Kendall Square Research (KSR) was a supercomputer company headquartered originally in Kendall Square in Cambridge, Massachusetts in 1986, near MIT. It was co-founded by Henry Burkhardt III, who had previously helped found Data General and Encore Computer and was one of the original team that designed the PDP-8. KSR produced two models of supercomputer, the KSR1 and KSR2.
KSR instructions were of 6 types: memory reference (load and store), execute, control flow, memory control, I/O, and inserted. Execute instructions included arithmetic, logical, and type conversion. They were usually triadic register in format. Control flow refers to branches and jumps. Branch instructions were two cycles. The programmer (or compiler) could implicitly control the "quashing" behavior of the subsequent two instructions that would be initiated during the branch. The choices were: always retain the results, retain results if branch test is true, or retain results if branch test is false. Memory control provided synchronization primitives. I/O instructions were provided. Inserted instructions were forced into a flow by a coprocessor. Inserted load and store were used for DMA transfers. Inserted memory instructions were used to maintain cache coherency.

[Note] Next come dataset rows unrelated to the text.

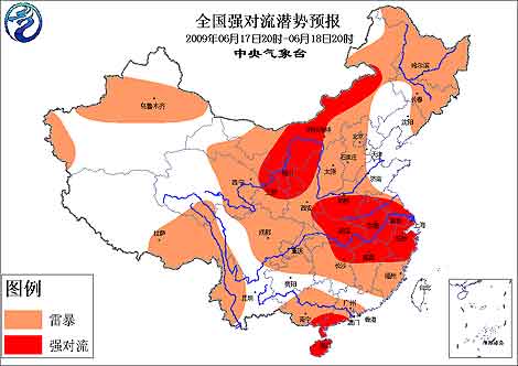 中新網(wǎng)6月17日電 中央氣象臺18時發(fā)布強對流天氣預報,預計今天夜間到明天白天,新疆北部和西南部、西北地區(qū)東部、內(nèi)蒙古大部、華北大部、東北大部、青藏高原東部、西南地區(qū)西南部和東北部、黃淮大部、湖北、江淮、江南大部、華南中南部等地將有雷暴天氣,其中,甘肅東部、寧夏、陜西北部、內(nèi)蒙古中東部地區(qū)局地有冰雹、短時強降水、雷雨大風等強對流天氣,河南南部、安徽、江蘇大部、湖北大部、湖南東北部、江西北部、浙江、上海、福建北部、廣西東南部、廣東西南部、海南局部有短時強降水、雷雨大風等強對流天氣。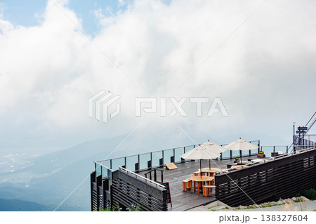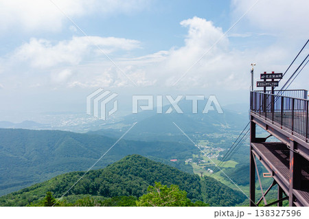 スキー場ロープウェイ山頂駅からのパノラマ風景 (長野県、竜王スキーパーク)
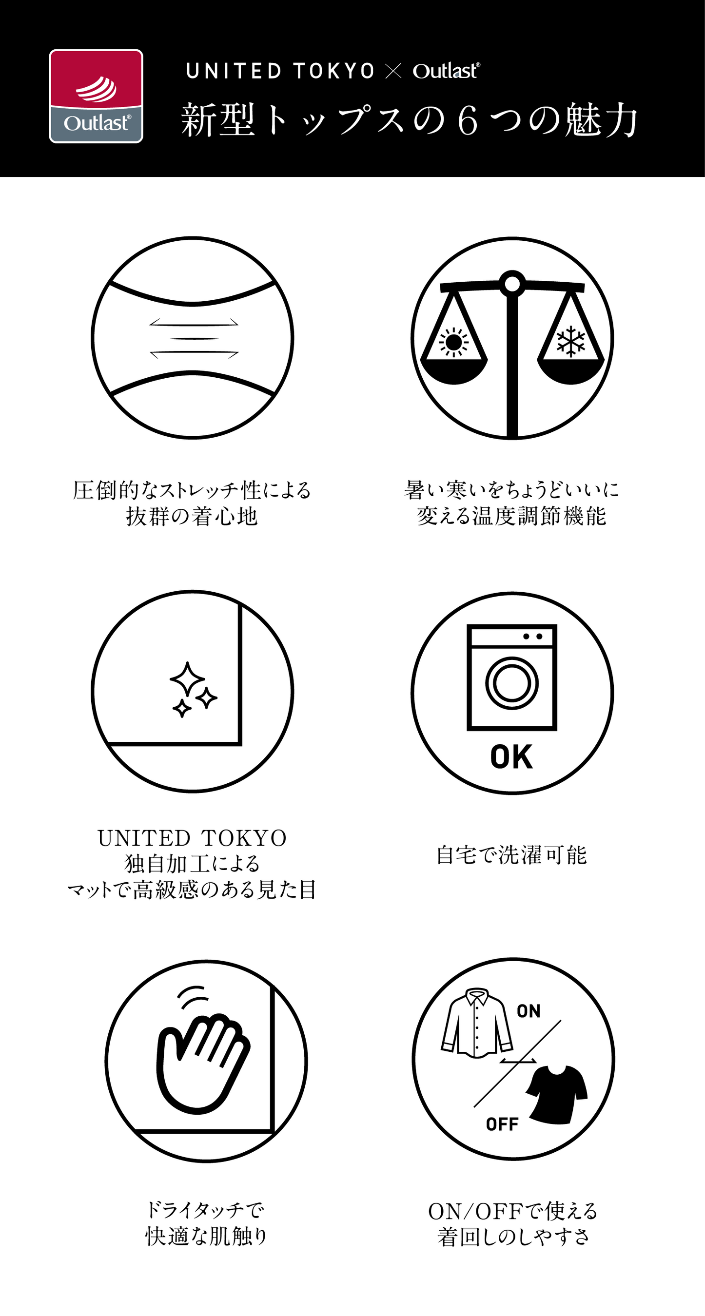 UNITED TOKYO「OUTLAST」シリーズは、特殊素材OUTLAST(アウトラスト)を使用したアイテムであり、代名詞と言っても過言ではない看板シリーズです。この商品からUNITED TOKYOを知っていただいたお客様も少なくありません。

New coprocessors could be interfaced with the inserted instruction mechanism. IEEE standard floating point arithmetic was supported. Sixty-four 64-bit wide registers were included.
In the KSR design, all of the memory was treated as cache. A Harvard style, separate bus for instructions and memory was used. Each node board contained 256 kB of I-cache and D-cache, essentially primary cache. At each node was 32 MB of memory for main cache. The system level architecture was shared virtual memory, which was physically distributed in the machine. The programmer or application only saw one contiguous address space, which was spanned by a 40-bit address. Traffic between nodes traveled at up to 4 gigabytes per second. The 32 megabytes per node, in aggregate, formed the physical memory of the machine.
Specialized input/output processors could be used in the system, providing scalable I/O. A 1088 node KSR1 could have 510 I/O channels with an aggregate in excess of 15 GB/s. Interfaces such as Ethernet, FDDI, and HIPPI were supported.
KSR refocused its efforts from the scientific to the commercial marketplace, with emphasis on parallel relational databases and OLTP operations. It then got out of the hardware business, but continued to market some of its data warehousing and analysis software products.
The first KSR1 system was installed in 1991. A few of the KSR1 models were sold, but as the KSR2 was being rolled out, the company collapsed amid accounting irregularities involving the overstatement of revenue.
One customer of the KSR2, the Pacific Northwest National Laboratory, a United States Department of Energy facility, purchased an enormous number of spare parts, and kept their machines running for years after the demise of KSR.
KSR, along with many of its competitors (see below) went bankrupt during the collapse of the supercomputer market in the early-1990s. KSR went out of business in late 1993.